CLN: Refactor string special methods to common decorator + safe unicode everywhere · Issue #4090 · pandas-dev/pandas (original) (raw)
I was implementing some new objects for another PR and noticed that string methods are duplicated throughout (particularly on objects that don't inherit from each other). Wrote this up on this branch - https://github.com/jtratner/pandas/tree/refactor_string_magic_methods .
If you thing this is worthwhile, I'll split it up a little, add a bit better documentation and submit.
This is used multiple times:
def __str__(self):
"""
Return a string representation for a particular object.
Invoked by str(obj) in both py2/py3.
Yields Bytestring in Py2, Unicode String in py3.
"""
if py3compat.PY3:
return self.__unicode__()
return self.__bytes__()
def __bytes__(self):
"""
Return a string representation for a particular object.
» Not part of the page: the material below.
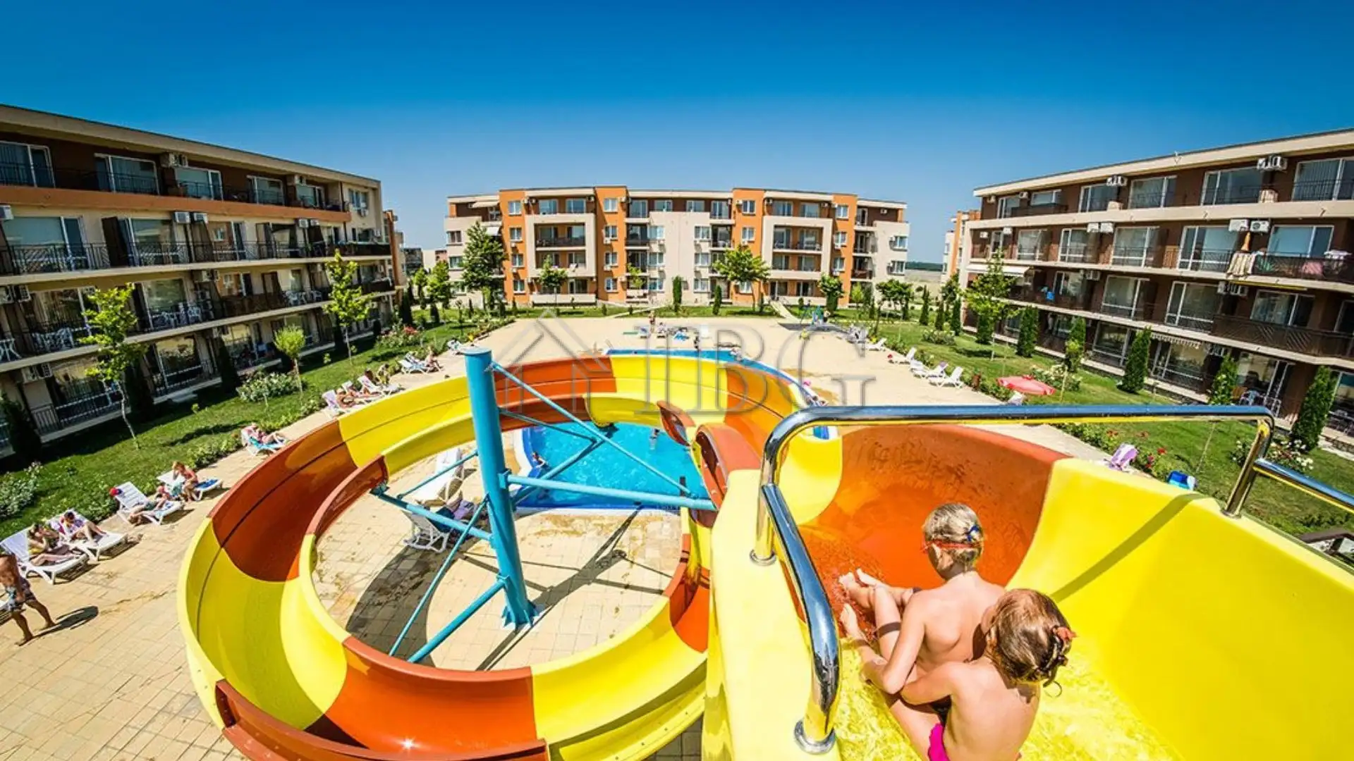 2-bedroom apartment, located on the 2nd floor in the Holiday Fort Club complex in Sunny Beach. This well-maintained, year-round complex is opposite the Action Aqua Park and offers a wide range of amenities, making it ideal for permanent living, holiday use, or rental investment. The beach is only a 10-12 minute walk, and the center of Sunny Beach is about 15 minutes away.

Invoked by bytes(obj) in py3 only.
Yields a bytestring in both py2/py3.
"""
from pandas.core.config import get_option
encoding = get_option("display.encoding")
return self.__unicode__().encode(encoding, 'replace')
def __repr__(self):
"""
Return a string representation for a particular object.
Yields Bytestring in Py2, Unicode String in py3.
"""
return str(self)
Unicode tends to vary, but often is like this:
def __unicode__(self):
"""
Return a string representation for a particular object.
Invoked by unicode(obj) in py2 only. Yields a Unicode String in both
py2/py3.
"""
prepr = pprint_thing(self, escape_chars=('\t', '\r', '\n'), quote_strings=True)
return '%s(%s)' % (type(self).__name__, prepr)
Additionally, a number of objects aren't using a unicode-safe representation of themselves, so this would resolve that as well. Would this be useful to include?